I'm interested in the behavior of Dirac deltafunctions within multivariate integrals. Here is a simple example to which I do not know the answer:
$$\iint\limits_{[0,1]\times [0,1]} \delta\left(x - y\right)\, dA$$
This integrates the constant function $1$ over the line $y=x$. Is there a prefactor involed though due to the delta? I can imagine this evaluating either to $1$ or to $\sqrt2$.
The information from the relevant Wikipedia page suggests the value $\sqrt2$ while WolframAlpha suggests the value $1$.
How is the behavior of a Dirac deltafunction within a multivariate integral defined? My goal is to create an algorithm to solve a broad class of these problems in general.

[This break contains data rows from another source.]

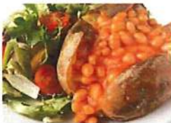
Jacket potatoes with cheese, beans or tuna & mixed salad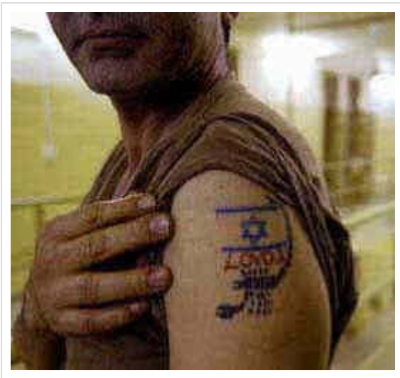
Contractor pride in Iraq

When Marines are ambushed in Iraq, is it Iraqi resistance fighters or Israeli contractors?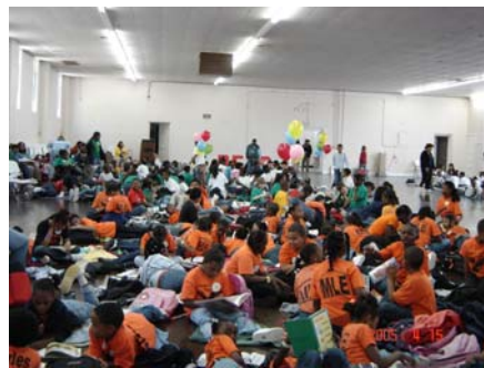
In April, around 400 students enjoyed the annual Read-In at the Old Armory.

The Friends enjoyed author programs and had a great book sale in 2005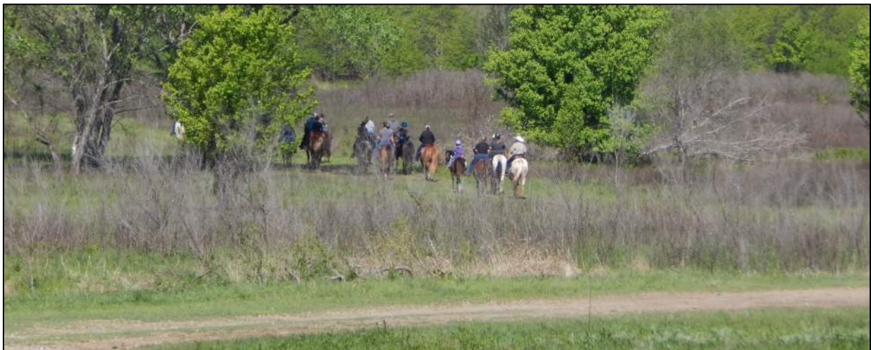
Pawnee Prairie Park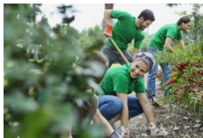
Nonprofit & Education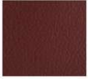
D18 - Brown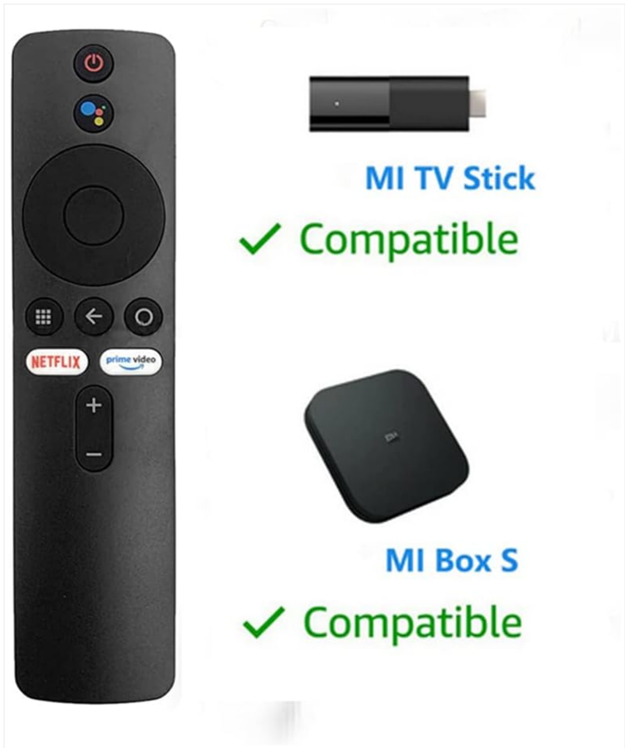
Image: The XMRM-006 remote control shown alongside a Xiaomi MI TV Stick and a Xiaomi MI Box S, indicating compatibility.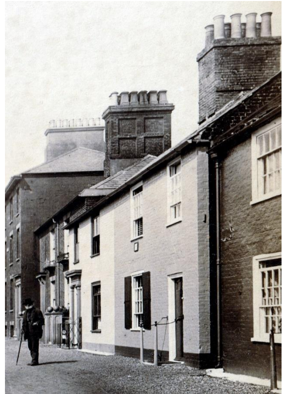
No.14 & 15 East Cliff c.1880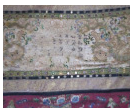
Chines banner detail 2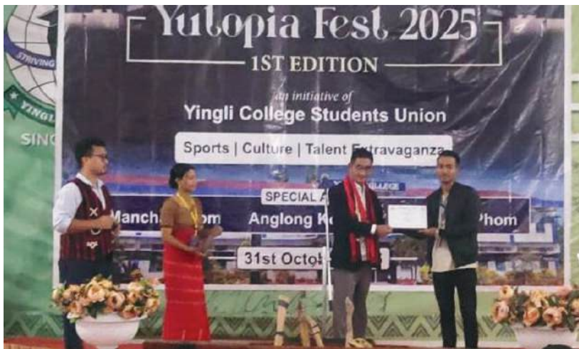
Celebration of First Edition of Yutopia Fest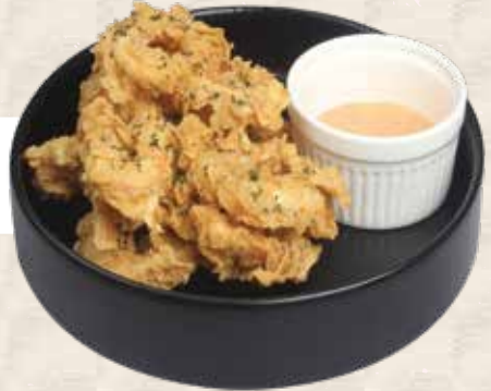
CALAMARY crispy calamary with cipotle sauce 45.0 K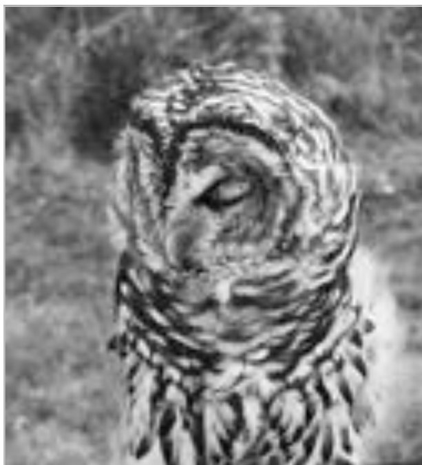
The Wise Owl. At Harvest Festival 2019.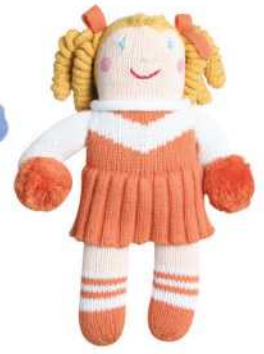
CHE 7" OR/WH CHE 12" OR/WH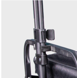
Telescopic handle with integrated lock to keep it in place at the desired length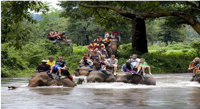
Aventure trip in Bali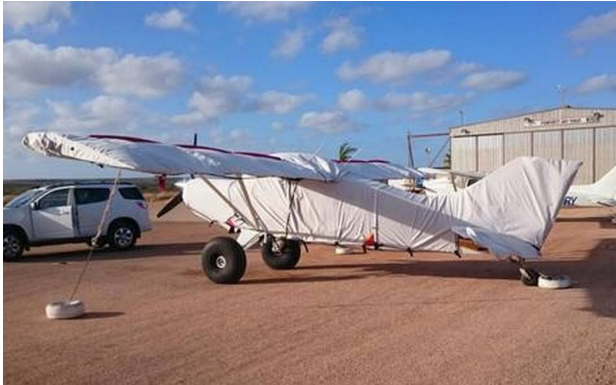
Maule M7-235 Extended Canopy, Wing, Engine & Empennage Covers

This cover type is made from Silver Acrylic Sunbrella canvas and is 100% lined with a soft and smooth microfiber. Bruce's Custom Covers developed this material combination especially for aircraft protection. The outer material is medium weight and treated for water resistance, UV resistance and anti-static buildup. The inner lining is a very soft and smooth microfiber to prevent scratching. The material is very reflective, and tests show that the cabin interior temperature can be reduced to near-ambient temperature on the hottest of days. It is water, ice and snow repellent, yet breathable to allow moisture to escape from between the cover and the aircraft surface.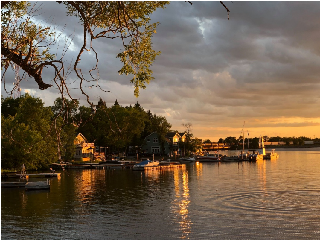
Photo of Lake Ranier shoreline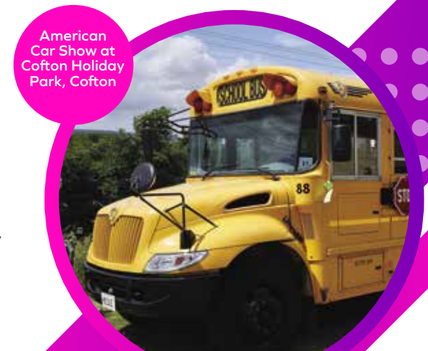
American Car Show at Cofton Holiday Park, Cofton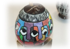
Container storage made from coconut shell

A newly developed program aiming to improve Vanuatu's handicraft sector by developing Vanuatu's economy and maximizing opportunities to grow the trade of local products thus creating employment for locals and injecting the substantial money into the local economy. According to a handicraft data produced in 2016, the value of the tourist souvenir and handicraft market is 1.3 billion vatu . However 90% of the products traded are imported thus a very large percentage of this revenue is currently supporting overseas production and businesses. This program is funded by the NZAid under the VSTAP and Australian Aid Vanuatu Skills Partnership (formerly known TVET) in collaboration with the Department of Industry.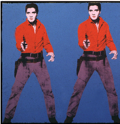
Andy Warhol, "Elvis I & II"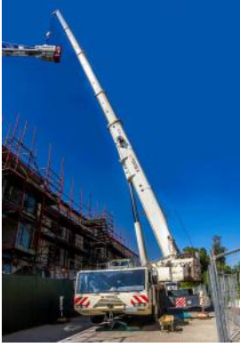
Get an even taller crane

(Take two fearless mountaineers, lotsa trucks, numerous visits by a dedicated and pony tailed photographer and then the next day not a sign that it had ever been there?)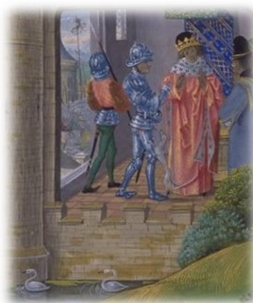
The deposition of a monarch. Richard II is taken into custody by the Earl of Northumberland. From Jean Froissart's Chronicles (15th century manuscript)

As a result of the crisis of authority described in text number [8], King Richard II sought to reassert his authority before the common people, and also before his aristocracy. One of the strategies which he employed was to embark on a campaign of artistic output that sought to sacralize the authority of the king: hence the Coronation Portrait and the Wilton Dypic (shown below). These outward

In this case, where the coordinates appear linearly in the argument of the delta function, no special treatment is required; you can just evaluate the inner integral as you'd normally evaluate an integral over a delta function, and then evaluate the outer integral:
$$\int_{0}^{1}\int_{0}^{1} \delta\left(x - y\right)\, \mathrm dx\, \mathrm dy=\int_0^11\,\mathrm dy=1\;.$$
In case you got the value $\sqrt2$ from the length of the diagonal, you didn't take into account the factor $1/|\nabla g|=1/\sqrt2$.